PRESIDENT DONALD TRUMP: –but when it was chosen– well, we spent a fortune on building this incredible base. We might as well keep it. And one of the reasons I want to keep it is because I want to be looking a little bit at Iran because Iran is a real problem.
MARGARET BRENNAN: Whoa, that’s news. You’re keeping troops in Iraq because you want to be able to strike in Iran?
PRESIDENT DONALD TRUMP: No, because I want to be able to watch Iran. All I want to do is be able to watch. We have an unbelievable and expensive military base built in Iraq. It’s perfectly situated for looking at all over different parts of the troubled Middle East rather than pulling up. And this is what a lot of people don’t understand. We’re going to keep watching and we’re going to keep seeing and if there’s trouble, if somebody is looking to do nuclear weapons or other things, we’re going to know it before they do.
This is ridiculous. Why couldn’t he sell the base – like he’s doing with arms – to the Iraqis or the Arab League? Would it not be considered a ‘win-win’ because it saves the U.S. money, brings troops home, and helps the Arab League or whoever start policing the region better? After all, the Arab League, not to mention Israel, want to keep an eye on Iran, so why not let them do it? That seems more logical than the threat of another war.
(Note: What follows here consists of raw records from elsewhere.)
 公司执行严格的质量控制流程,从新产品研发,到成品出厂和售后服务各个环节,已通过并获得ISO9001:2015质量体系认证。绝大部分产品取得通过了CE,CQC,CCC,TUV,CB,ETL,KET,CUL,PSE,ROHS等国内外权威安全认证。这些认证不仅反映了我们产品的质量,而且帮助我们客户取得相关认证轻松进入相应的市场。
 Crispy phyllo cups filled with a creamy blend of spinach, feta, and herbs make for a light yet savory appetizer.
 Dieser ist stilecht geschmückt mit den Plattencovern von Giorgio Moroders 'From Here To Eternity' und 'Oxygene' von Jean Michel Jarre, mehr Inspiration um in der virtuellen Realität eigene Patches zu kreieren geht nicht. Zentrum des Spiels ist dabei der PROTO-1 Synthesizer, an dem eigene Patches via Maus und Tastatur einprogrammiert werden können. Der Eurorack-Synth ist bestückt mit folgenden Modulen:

Of course, Trump’s wide foreign policy swings don’t just involve the Middle East. He was asked about troops going to Venezuela – and, no surprise to anyone who read last year’s AP report claiming he wanted to remove Nicholas Maduro via invasion – Trump won’t rule it out.
MARGARET BRENNAN: What would make you use the U.S. military in Venezuela? What’s the national security interest?
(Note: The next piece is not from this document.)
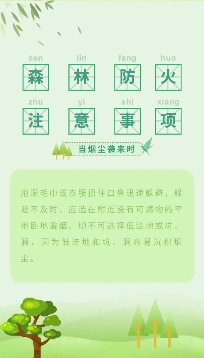 步入三月份以來,全國各地氣溫回升,物種植被干燥,火險等級逐步升高,給森林防火滅火帶來嚴(yán)峻考驗(yàn)。那么,普通群眾遇到森林火災(zāi)時,該如何最大限度的減小森林火災(zāi)對自身的危害呢?這些森林火災(zāi)基本逃生方法,一定要記住哦?。ǜ拭C省森林消防總隊平?jīng)鲋ш狇v黃陵分隊:倪騰飛)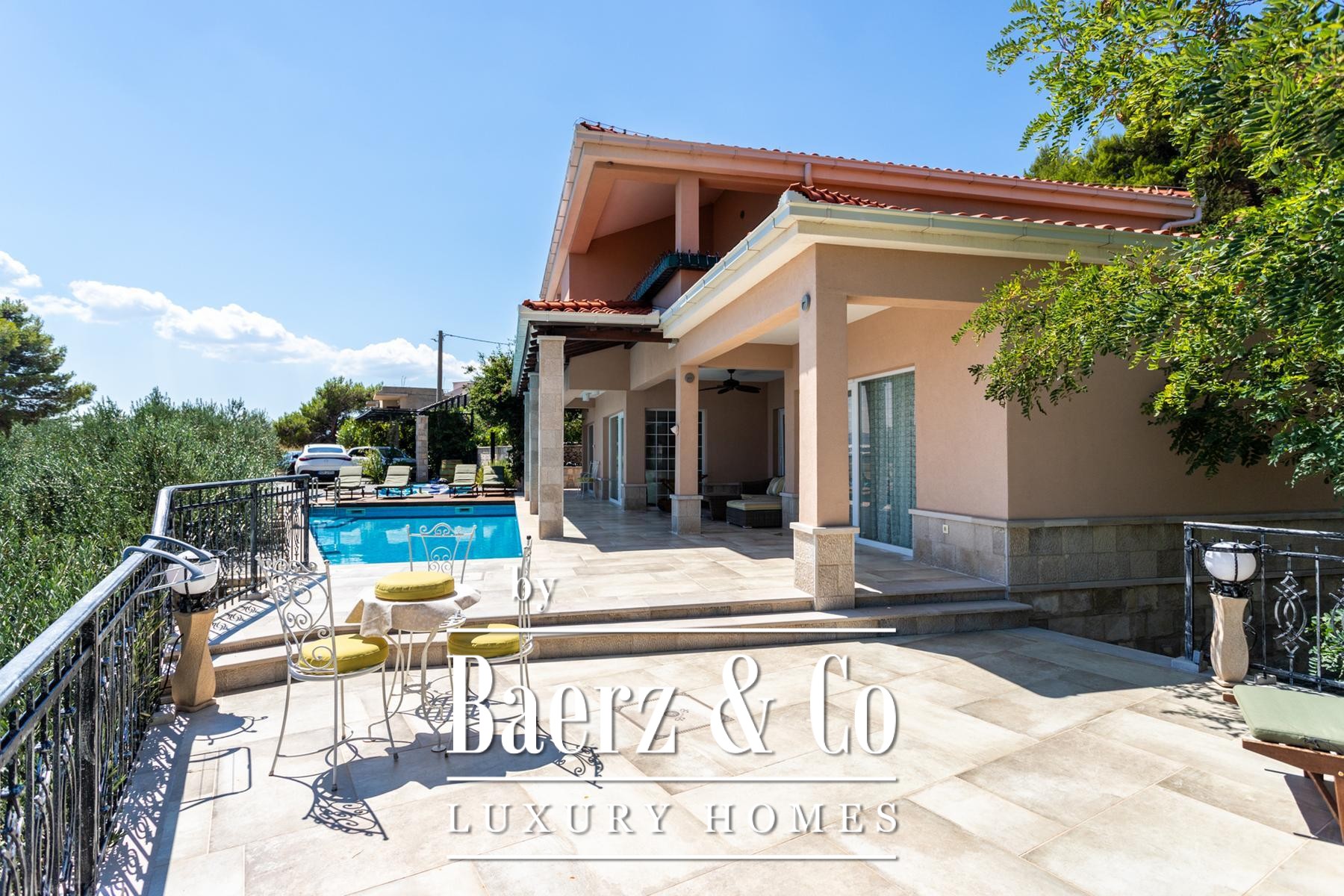 The property offers a special Mediterranean feel, with one of the most beautiful views of the sea and islands, where even Pelješac can be seen on a clear day. Also, the carefully landscaped garden promises its future owners peace with twelve old olive trees that produce fruit every year (approximately twenty liters of olive oil), several types of white and black grapes, figs, oranges, lemons...

PRESIDENT DONALD TRUMP: Well I don’t want to say that. But certainly it’s something that’s on the- it’s an option.
Lovely (not). There is no national security interest in Venezuela and the situation is still fluid with the socialist dictator Maduro in a standoff with socialist-lite Juan Guaidó. More U.S. involvement isn’t the answer and would more than likely destabilize the country – especially if Russia decides to flex its military muscles by backing Maduro more than it is already. The fact Maduro sold gold to UAE possibly (?) with Russia’s help is disturbing. Why foment more acrimony by sending in troops?
Perhaps Trump’s only consistency, when it comes to foreign policy, is his inconsistency. He should stick with his claimed non-interventionist instincts. The fact he’s not isn’t surprising, but still a disappointment.